## Stored data entries:
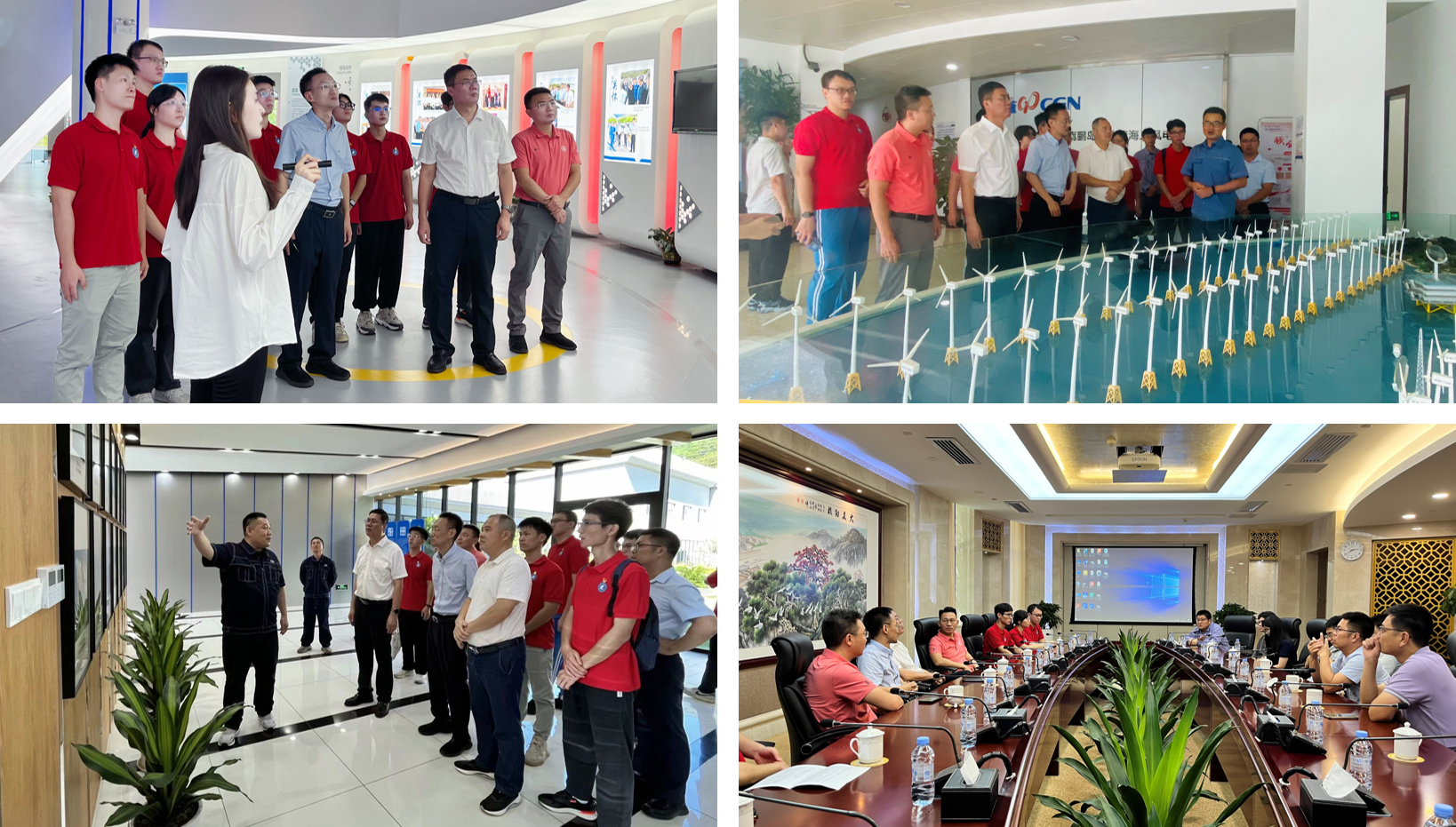 7月21日,学校教务处处长王振友、学院党委书记杨小帆、副书记汤猛、学院新能源科学与工程系主任蔡伟通与实践队一同参观阳江中广核爱国主义教育基地、珍珠湾海上风电场及阳江中节能,并与阳东区委书记李坤及企业代表进行了深入座谈交流,为进一步做好产学研合作奠定了良好基础。
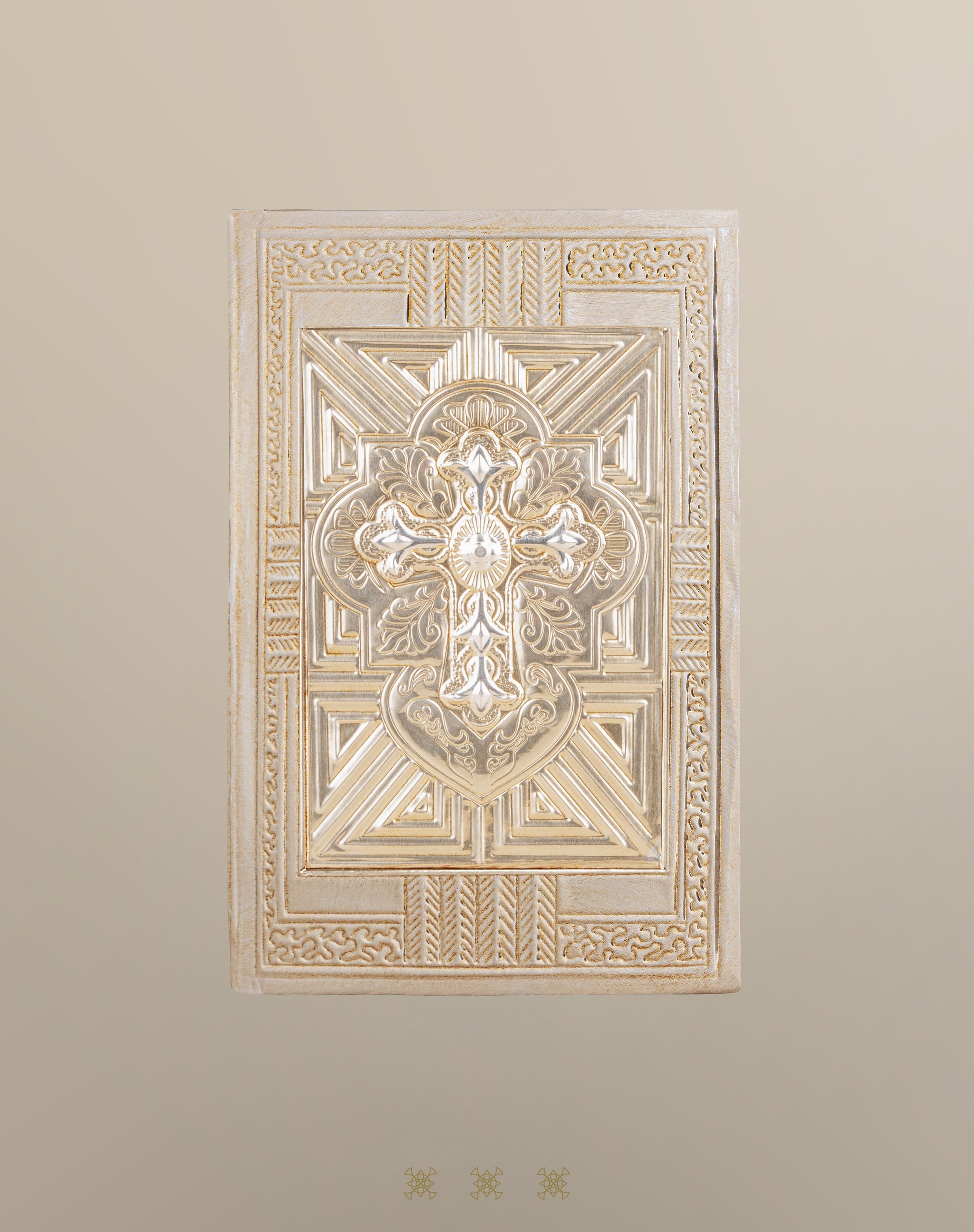 Biblia Latinoamericana color dorado forrada con repujado artesanal con imagen de cruz.
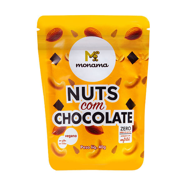 O Nuts com chocolate da Monama, é uma ótima opção de lanchinho saudável e vegano. É uma opção simples e prática para levar na bolsa e comer a qualquer hora do dia.
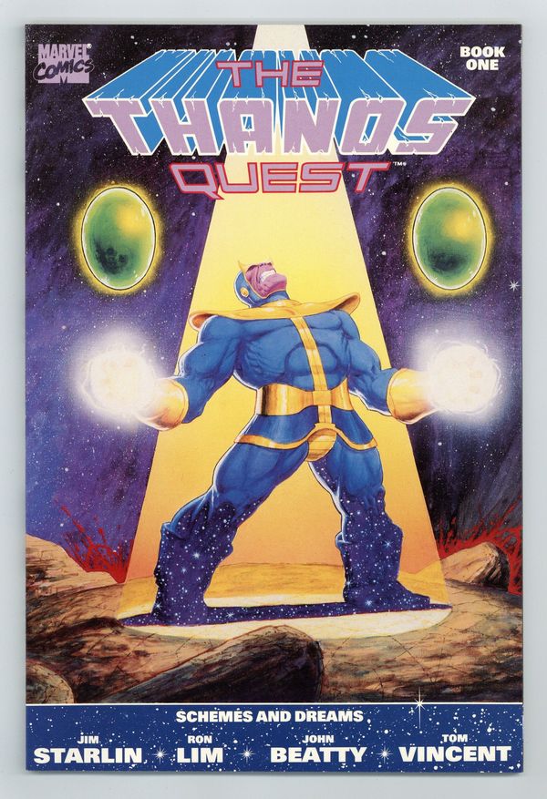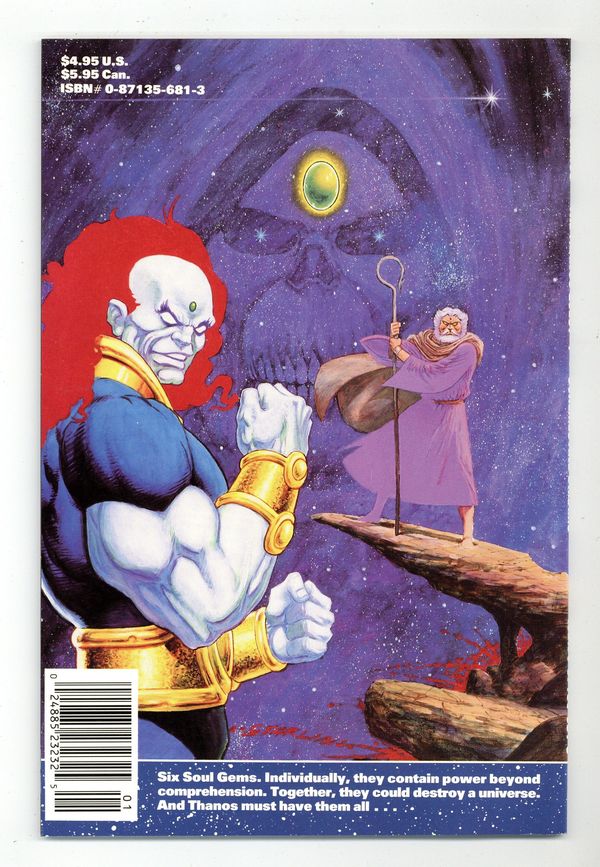 1st Printing. "Schemes and Dreams!" Written by Jim Starlin. Art by Ron Lim John Beatty. Six Soul Gems. NOTE: This tale picks up after the events of Silver Surfer (1987 2nd Series) #38. Thanos the Mad Titan has been resurrected by the entity known as Death. Resurrected and given a dark mission. In order to accomplish this mission, Thanos will seek ultimate power - the Soul Gems! Individually, they contain power beyond comprehension. Together, they could destroy a universe. And Thanos must have them all.… Featuring the Elders of the Universe Champion and Gardiner, and the nefarious In-Betweener. 48 pages, FC Cover price $4.95.
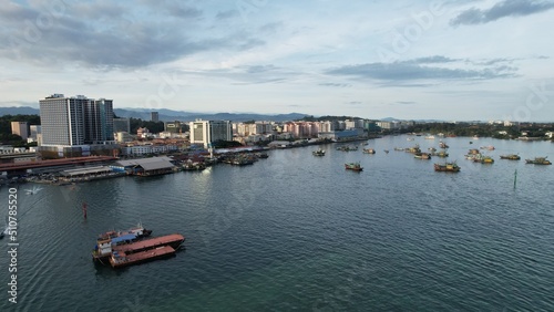 © Aerial Drone Master, Fototapeta premium Kota Kinabalu, Sabah Malaysia – June 14, 2022: The Waterfront and Esplanade Area of Kota Kinabalu City Centre
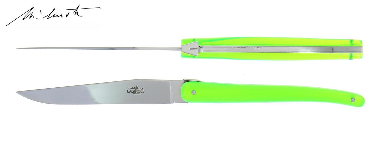 Jean-Michel Wilmotte entwarf für Forge de Laguiole exklusive Steakmesser in fluoreszierenden Farben. Dafür bekam der französische Architekt und Stardesigner jede Menge Lob. Gefertigt werden die fluoreszierenden Steakmesser in den Ateliers von Forge de Laguiole. Ganz nach Tradition des Hauses ist dort, wie vor 175 Jahren, für die Fertigstellung eines Messers jeweils nur ein Messermacher zuständig. Einzigartig ist auch die unvergleichlich flexible, nicht rostende und dabei ganz einfach zu schärfende Klinge, die erst geschmiedet und dann mit dem Klingenstahl T12 gehärtet wird.
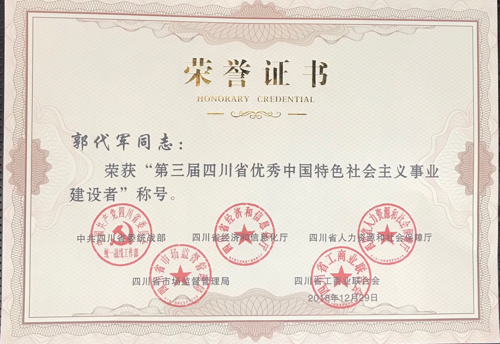 瑞雪兆丰年 岁末传喜讯,2018年12月29日第三届四川省优秀中国特色社会主义事业建设者表彰大会,暨省工商联十一届三次执委会在成都隆重召开。会上发布了表彰决定,授予100名非公有制经济人士和新的社会阶层人士“第三届四川省优秀中国特色社会主义事业建设者”称号,并颁发了奖章和证书。
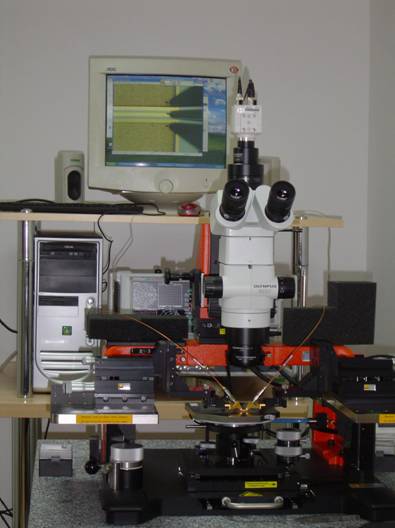 Sistemul de masura se va compune dintr-un analizor vectorial de retele (VNA), pentru masurarea transmisiei si reflexiei semnalelor de microunde si unde milimetrice in banda (0,8 – 65 GHz) si accesorii (cabluri, antene, sisteme de calibrare), o masa de tip optic, adica o masa metalica grea cu amortizare hidraulica. Proberele pentru masurari pe placheta sunt legate prin cabluri semirigide de analizorul vectorial capabil sa masoare automat parametrii S, in special transmisia si reflexia in banda 0,8 – 65 GHz. |
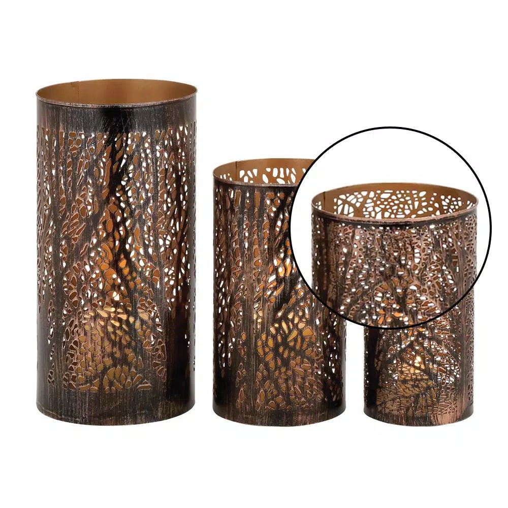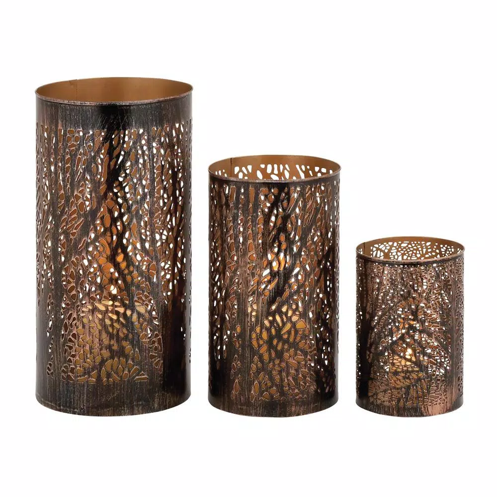 This set of three modern candle holders features cylindrical iron bodies with tree-branches patterned cutout holes. The distressed black finish adds a dramatic touch. These candle holders will add a contemporary charm to your interior decorations.

## Your task:
Once the line containing "瑞雪兆丰年 岁末传喜讯,20" is found, write out exactly that line and each line after it through the end of the entries, omitting pictures.

## Finished task:
 瑞雪兆丰年 岁末传喜讯,2018年12月29日第三届四川省优秀中国特色社会主义事业建设者表彰大会,暨省工商联十一届三次执委会在成都隆重召开。会上发布了表彰决定,授予100名非公有制经济人士和新的社会阶层人士“第三届四川省优秀中国特色社会主义事业建设者”称号,并颁发了奖章和证书。
 Sistemul de masura se va compune dintr-un analizor vectorial de retele (VNA), pentru masurarea transmisiei si reflexiei semnalelor de microunde si unde milimetrice in banda (0,8 – 65 GHz) si accesorii (cabluri, antene, sisteme de calibrare), o masa de tip optic, adica o masa metalica grea cu amortizare hidraulica. Proberele pentru masurari pe placheta sunt legate prin cabluri semirigide de analizorul vectorial capabil sa masoare automat parametrii S, in special transmisia si reflexia in banda 0,8 – 65 GHz. |
 This set of three modern candle holders features cylindrical iron bodies with tree-branches patterned cutout holes. The distressed black finish adds a dramatic touch. These candle holders will add a contemporary charm to your interior decorations.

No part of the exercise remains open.